Хроники ветров. Книга суда - Екатерина Лесина
Шрифт:
Интервал:
Закладка:
— Шутки шутишь? Это хорошо, когда у человека чувство юмора есть…с такими дело иметь приятнее.
Олаф, поднявшись, принялся расстегивать пуговицы пиджака, спокойно, неторопливо, даже как-то устало, точно снимать пиджак ему до жути не хотелось, но вот выхода другого не было. Пиджак он повесил на спинку стула, аккуратно расправив плечики, закатал рукава рубашки и положив руку Вальрику на плечо, дружелюбно сказал:
— Только, сдается мне, ты не понимаешь, во что влип.
— А ты объясни, — попросил Вальрик.
Очнулся он в камере, лампа, хоть и оставалась неподвижной, но отчего-то плавно покачивалась перед глазами. Хорошо хоть боли не ощущает… очень хорошо… замечательно… но смеяться все-таки не стоило — стошнило темными кровяными сгустками. Ну ублюдки… ничего, он рассчитается, со всеми рассчитает. А камера другая… наверное, для того, чтобы ходить недалеко было.
И зуб, который шатался выбили. Блевать кровью неприятно, а желание убивать разрослось… когда-нибудь ему повезет, обязательно повезет. До крана с водой пришлось добираться ползком.
Глава 2
Фома
Тесно, темно и душно. Горячий воздух обнимает тело, не позволяя теплому комку боли покинуть легкие. Кажется, что стоит сделать вдох, и он умрет. И глаза открывать страшно, но Фома все равно открыл. Потемневшие от времени балки, рыжие шляпки проржавевших гвоздей, колючий мех душной шубой окутывает тело. Где он? Дома. А как попал сюда? Не понятно, в памяти пустота, пробиться сквозь которую не удавалось, да и Фома не очень-то старался.
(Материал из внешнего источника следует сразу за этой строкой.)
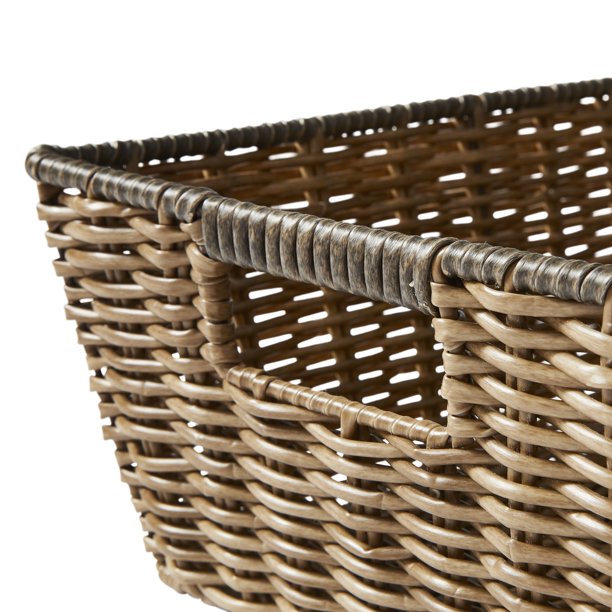 Handcrafted of sturdy iron with a durable polyethylene rattan weave, this basket is a great option for storing toiletries, cleaning supplies, remotes, small electronics, books, and much more. This versatile basket features two handles and is an asset in any indoor space. No matter your home decor style, you're sure to love this basket.The Better Homes & Gardens Poly Rattan Storage Basket with Cut-Out Handles
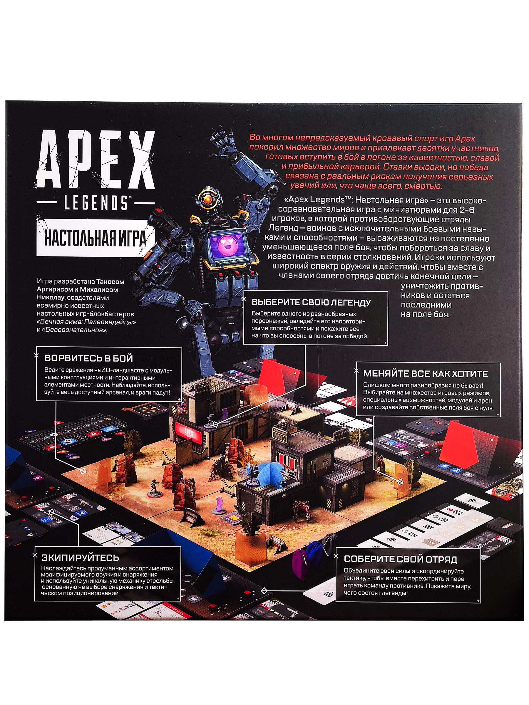 «Apex Legends: Настольная игра» — это высокосоревновательная игра с миниатюрами для 2–6 игроков, в которой противоборствующие отряды Легенд высаживаются на постепенно уменьшающееся поле боя, чтобы побороться за славу и известность в серии столкновений. Игроки используют широкий спектр оружия и действий, чтобы вместе с членами своего отряда достичь конечной цели — уничтожить противников и остаться последними на поле боя.
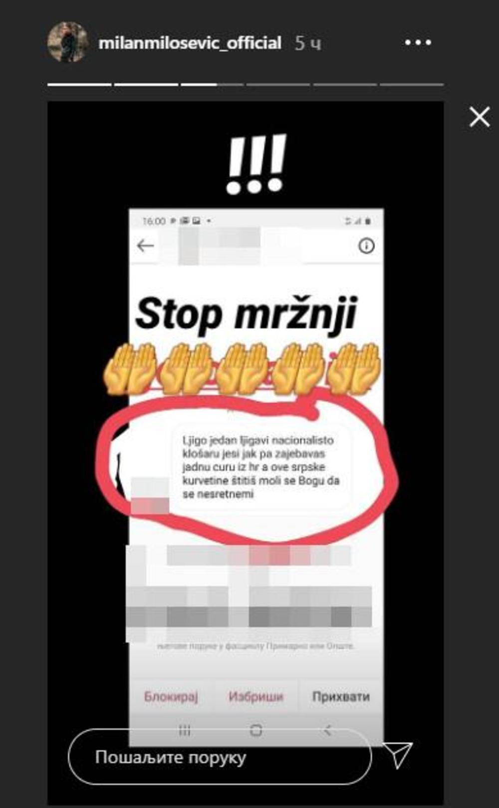 - Ljigo jedan ljigavi, nacionalisto, klošaru, jesi jak pa z*j*bavaš jadnu curu iz Hrvatske, a ove srpske k*rvetine štitiš. Moli se Bogu da se ne sretnemo - glasila je pretnja, koju je objavio Milan na svom Instagram storiju.
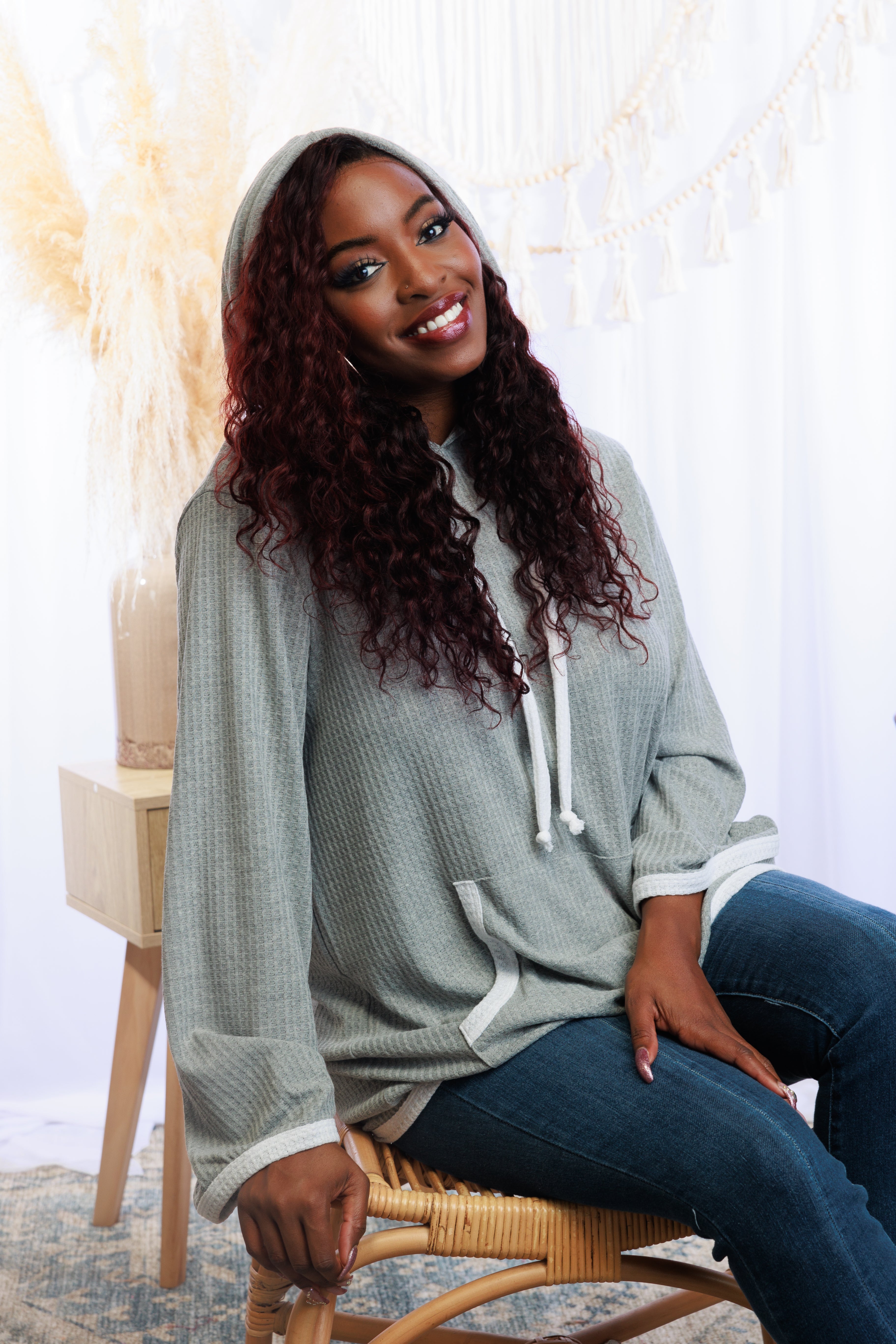 Be ready to dash anywhere in this stylish On the Run Hoodie! Made of cozy waffle knit, it features long bell sleeves, a kangaroo pocket, and a drawstring hood so you can pull up the hood and get going in a flash! Looking good has never been easier!
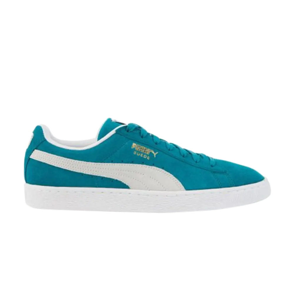 Уличные модели Puma Suede, дебютировавшие в 1968 году, известны своим сдержанным и сдержанным внешним видом. Модель Suede Classic Oceans Depth добавляет аква-синий цвет к классическому замшевому верху с перфорацией в средней части стопы, логотипом из серебряной фольги и контрастной белой полоской, обеспечивающей детализацию. Брендинг также нанесен на язычок и пятку, а резиновая межподошва и подошва завершают нижнюю часть.
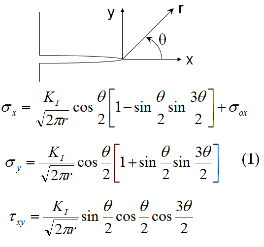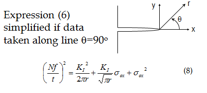 Using (6), (7) with KII =0, possible to find KI and sigmaox in terms of rm, qm and Nm
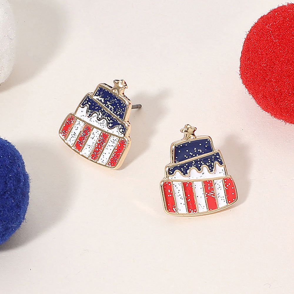 iLLASPARKZ Glittered Enamel American USA Flag Cake Stud Earrings
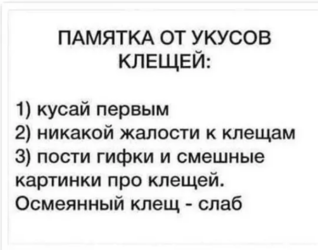 Отвыкла я от клещей за 24 года жизни на Крайнем Севере, тут их нет. Змей и комаров тоже нет, только мошкА в лесу. Помню, в детстве, мы с дядей ходили на рыбалку, после друг с друга снимали до 40 штук клещей. Не было, на моей памяти, проблем у кого-то от укуса клеща. Клещи были не страшные, кусали, конечно, но был один страх: только бы в ухо не залез.
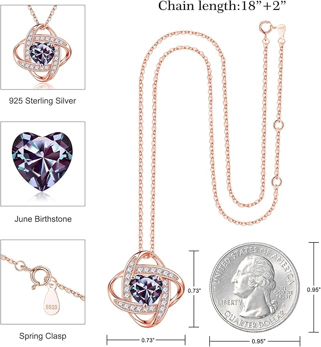 - UNIQUE NECKLACE DESIGN: The unique Love knot and the design of heart birthstone symbolize your eternal love. When the person you love wears this dainty necklace, she will feel your full love and happiness. The perfect gift for mom, grandma, girlfriend, wife, sisters and friends on Mother's day, Christmas, Valentine's day or birthday.
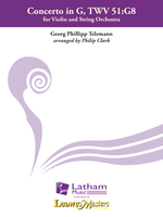 Georg Philipp Telemann was a prolific German composer of the Baroque era, with over 3,000 works to his name. He wrote all both secular and sacred music but was most famous in his lifetime for his church compositions, particularly the cantatas and large works for orchestra and soloists. His Concerto in G for violin is one of his most-performed solo works. This arrangement by Philip Clark makes this work accessible for an advanced-intermediate violinist with very reasonable string orchestra parts.
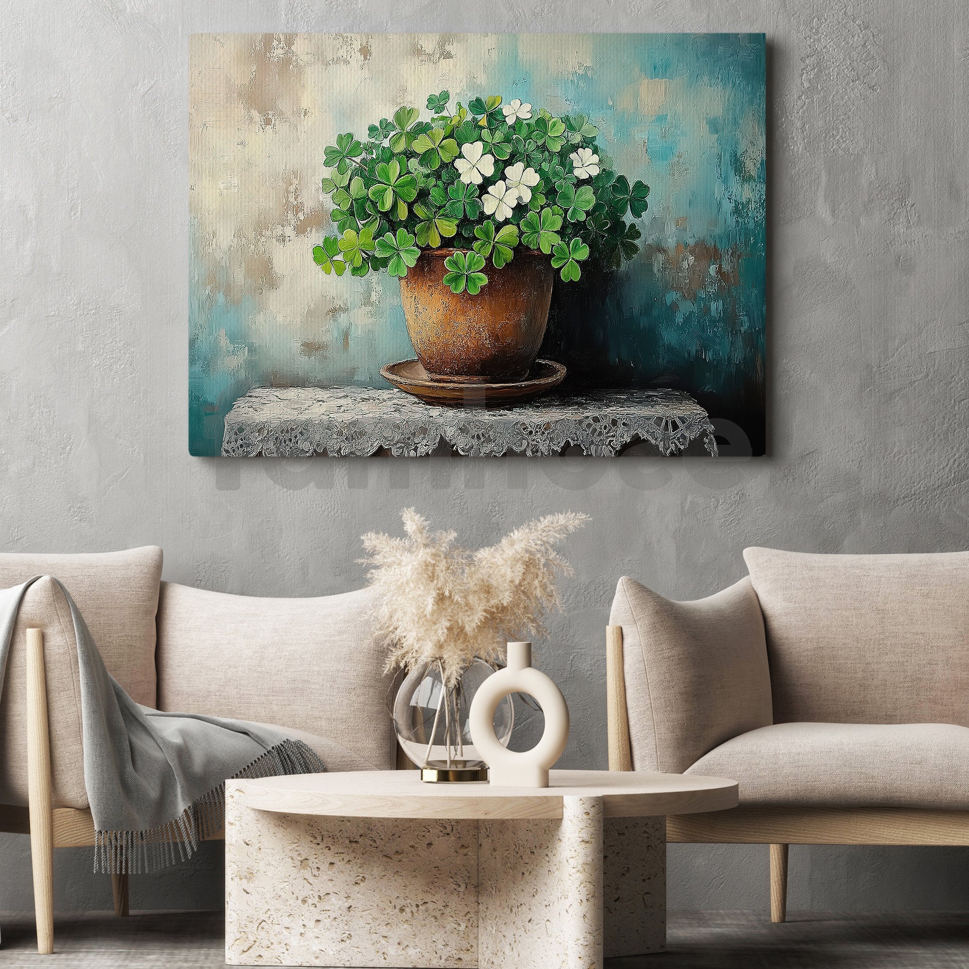 Four-Leaf Clover Canvas Painting, A Quiet Pot Of Luck Wall Art Decor, Shamrock Poster St Patrick's Day Gift For Irish Lover
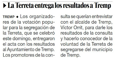 Los organizadores de la votación popular para la segregación de la Terreta, que se celebró este domingo, entregaron el acta con los resultados al Ayuntamiento de Tremp. Los promotores de la consulta se querían entrevistar con el alcalde de Tremp, Víctor Orrit, para darle los resultados de la consulta y hacerlo conocedor de la voluntad de la Terreta de segregarse del municipio de Tremp.
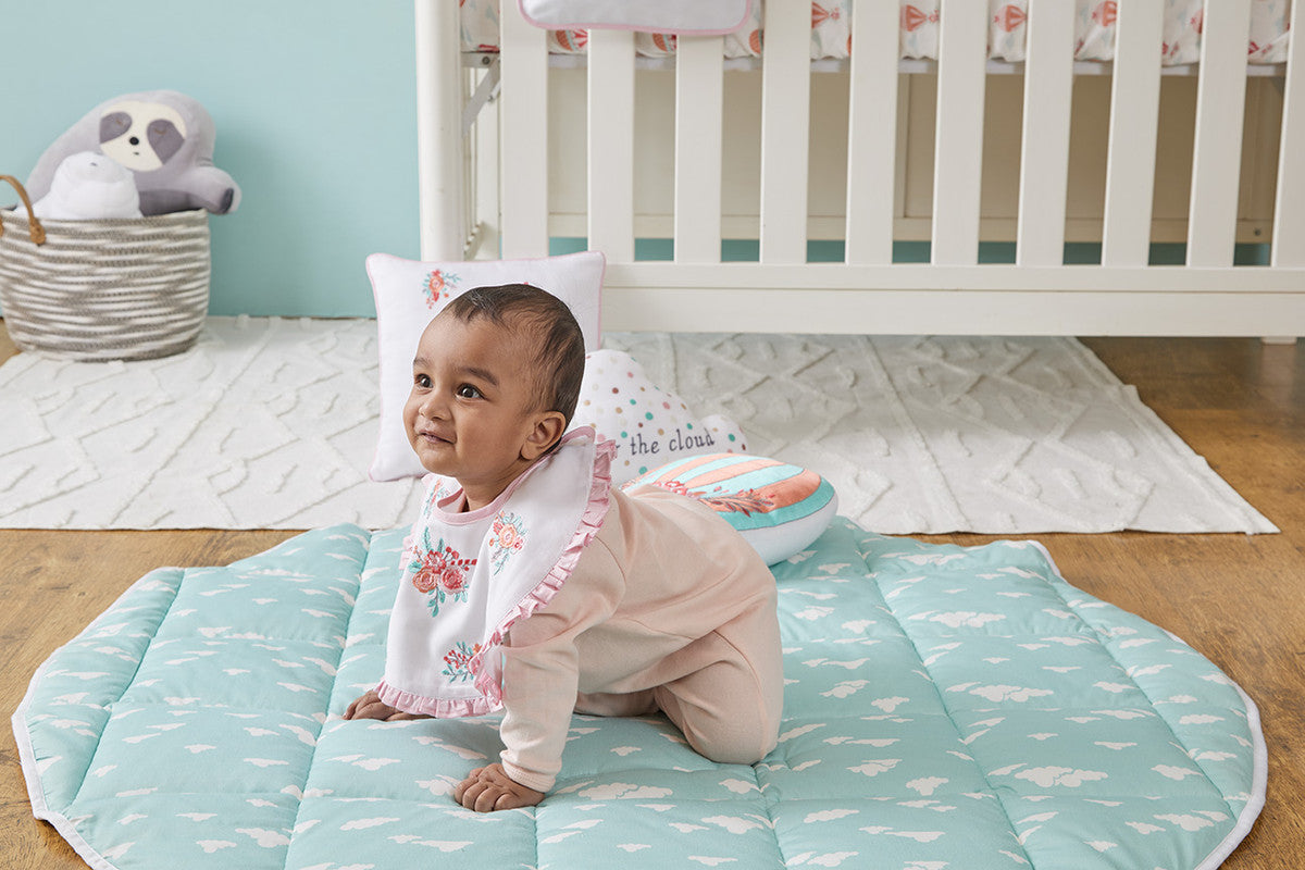 The Parachute Play Mat features dreamy cloud and balloon prints on a quilted, cushioned surface. Measuring 100 cm x 100 cm, it offers a safe, cozy space for tummy time or play. Lightweight and portable for effortless transport.

На боку, там, где нож был, розовый шрам, похожий на присосавшуюся к коже гусеницу, Фома чуть надавил — не больно, рубец плотный, гладкий на ощупь, точно полированный. И встать получилось, в теле слабость, как после долгого сна, но и только, а что сразу боль в легких почудилась, так сейчас вроде как исчезла. За окном день, солнце заливает комнату ярким светом, приятно ступать по нагретым половицам, которые чуть слышно поскрипывают, принимая вес тела. Свет бы еще не такой яркий… пыль мошкарой пляшет в воздухе, от запаха свежего хлеба просыпается чувство голода. Как хорошо, что он жив.
Хлопнула входная дверь, и к старым запахам добавились новые — тягучий аромат черемухи, раздражающий — собачьей шерсти и тонкий, едва различимый, но смутно знакомый. Фома постарался запомнить этот запах, удивляясь, отчего раньше не обращал внимания на то, сколько вокруг запахов, с ними мир полнее, ярче…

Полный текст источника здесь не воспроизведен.